The total US oil and gas rig count has slid 63% from its most recent peak in early March, and is down over 70% from year-ago levels.

Rig counts declined in all major oil-focused basins. The Permian basin rig count slid 14 to 157, putting it 283 rigs lower than year-ago levels, while the number of rigs active in the Eagle Ford play dipped three to 14, down 72 on the year.

Drillers idled one rig each in the Denver-Julesburg and Williston basins, putting the total counts there down to seven and 12, respectively.

Rig counts in the gas-focused Haynesville basin continued to show signs of bottoming after climbing by one for a second straight week to 33. SCOOP-STACK operators added one rig for a total of 10.

The gas-focused Marcellus play shed one rig, leaving a total of 27 active, and rig counts in the Utica basin were steady on the week at 11.

SOME STICKING TO PLANS, BUT WATCHING MARKET
US oil major ConocoPhillips said at the RBC Capital Markets’ Global Energy and Power Conference this week that its June curtailments were proceeding as planned, RBC analysts Scott Hanold said.
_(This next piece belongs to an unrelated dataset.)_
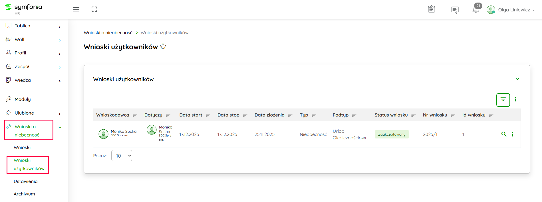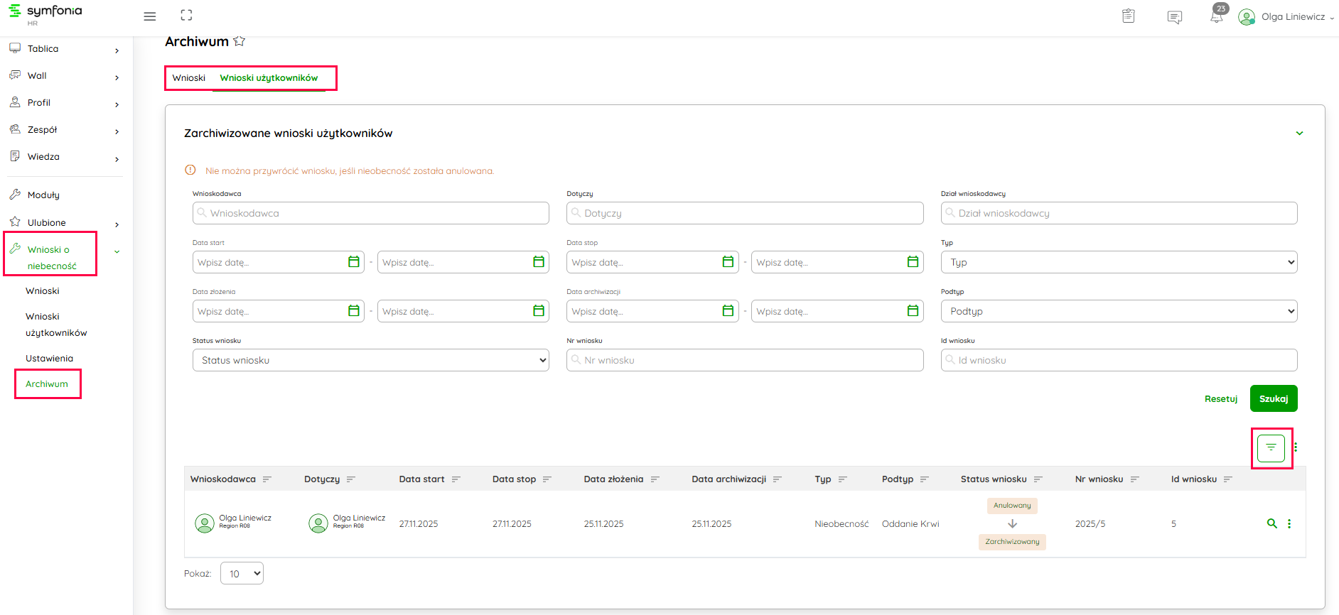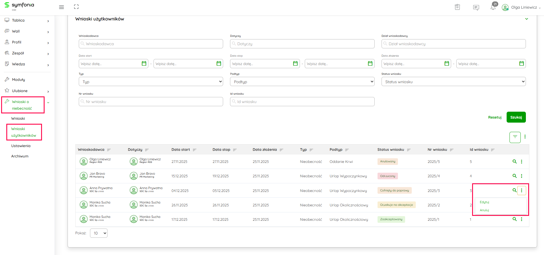 W tabeli Wnioski użytkowników możesz wejść w podgląd wniosku, a także w zależności od statusu możesz wnioski edytować, zarchiwizować lub anulować.
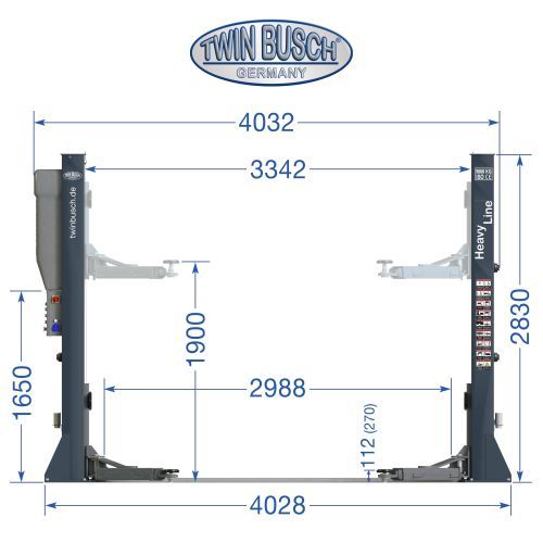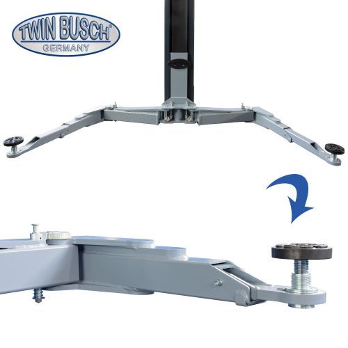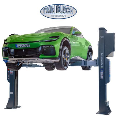 Elevatorul Heavy‑Line TW250W‑G, cu o capacitate de ridicare de 5,0 t, este echipat cu brațe portante telescopice simetrice, cu dublă articulație, design cu Brațe-M, oferind performanță ridicată īn segmentul elevatoarelor cu 2 coloane.

The company added that going forward, shut-in output will be evaluated month by month. ConocoPhillips had forecast 420,000 boe/d net curtailments for June.

Matador Resources will likewise continue with plans to curtail 10%-15% of 71,200 boe/d first-quarter production for June in the western Permian and Eagle Ford Shale basins, Hanold said. And Devon Energy is continuing with plans to cut output by 20,000 boe/d, half of it oil.

Still, prospects for a near-term reversal in output declines are good, Tudor Pickering Holt said.

The rally in crude, improving differentials, and a collapse in contango are “checking all the right boxes” for US upstream operators to reverse shut-in production in June.

“Once production reverses, and assuming WTI is in the $30/b-$40/b range, we would expect upstream producers to start to layer in some incremental completion activity starting in July, although we sense investors may rather the industry wait a bit longer to allow fundamentals to firm further,” the bank said.